1 cup coarse sparkling sugar


  1.  In large mixing bowl of stand mixer fitted with paddle attachment, cream softened butter and granulated sugar until light and fluffy.  Add one egg and vanilla extract.
  2. Gradually add all purpose flour, baking powder and salt to butter mixture. Beat until cookie dough forms into a ball.  Remove from mixing bowl. Divide dough in half equally and place into two separate bowls.
  3. In food processor grind almonds, set aside. Drain and hand dice Maraschino cherries, set aside.
  4. Add almond extract to one dough and cherry extract to the other. Add 1 drop of super red and 2 drops of electric pink food gel, diced cherries to cherry extract dough bowl. Stir to mix throughly.  To almond dough add ground almonds, stir to blend.
  5. Wrap each dough portion with plastic wrap, chill until firm 2-3 hours.
  6. Remove from chill, roll each portion of dough separately between two sheets of parchment paper. Roll into 8 x 15 rectangle.  Place each rectangle in refrigerator for 30 minutes.
  7. Remove from parchment paper from both doughs. Place almond rectangle on top of the cherry dough. Starting on long side of rectangle, roll tightly the doughs together into a log.
  8. Roll dough log in sparkling sugar if desired.

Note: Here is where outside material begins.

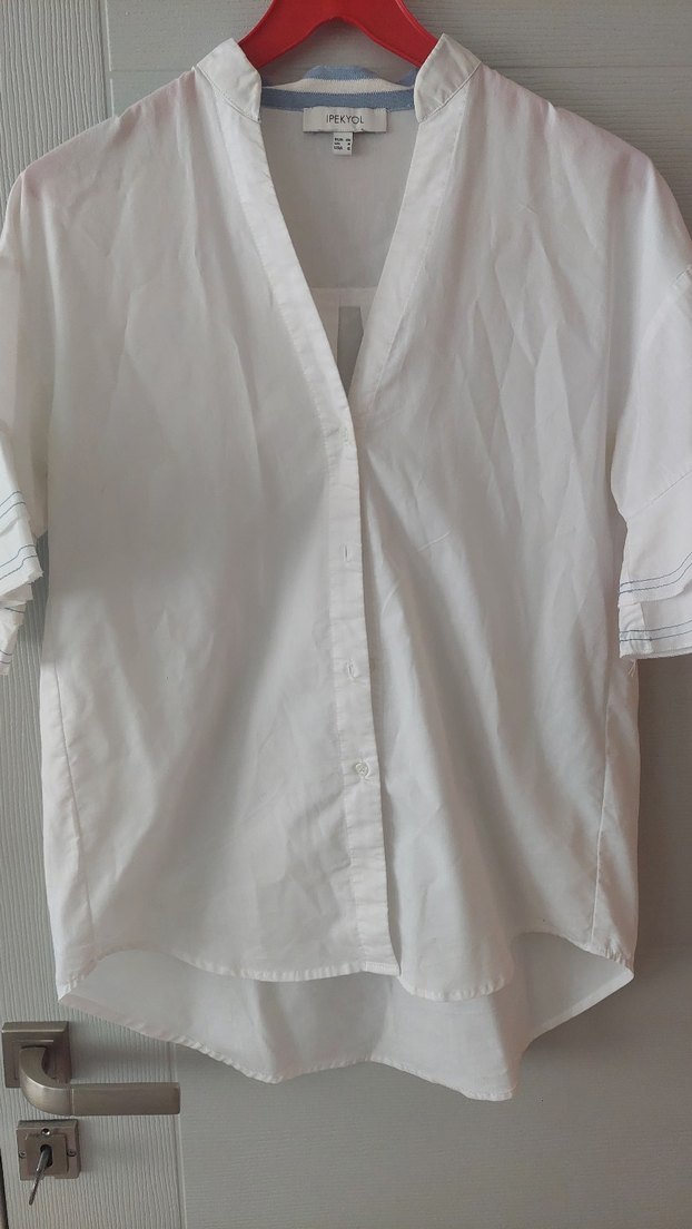 Kadınlar için kısa kollu, V yakalı ve düğmeli ön kısmıyla dikkat çeken pamuklu gömlek. Rahat kesimi ve midi boyu günlük kullanıma uygundur.

Wrap in parchment paper and chill another 1-2 hours.
  9. Preheat oven to 350 degrees F.
  10. Line two baking sheets with parchment paper, slice log into 1/4″ slices and place 2″ apart on baking sheet.  Chill 5-8 minutes.
  11. Bake 10-12 minutes in middle of oven, be careful not to burn the tops or bottoms of cookies.
  12. Remove from oven and allow cookies to cool 2 minutes before removing from baking sheets.
  13. Store cookies in airtight container.


It is important to chill these cookies at every step called for in recipe. Chilling will make the cookie pinwheel crisp and easier for you roll and cut.

Cookies can be made ahead and frozen with out baking up to 30 days.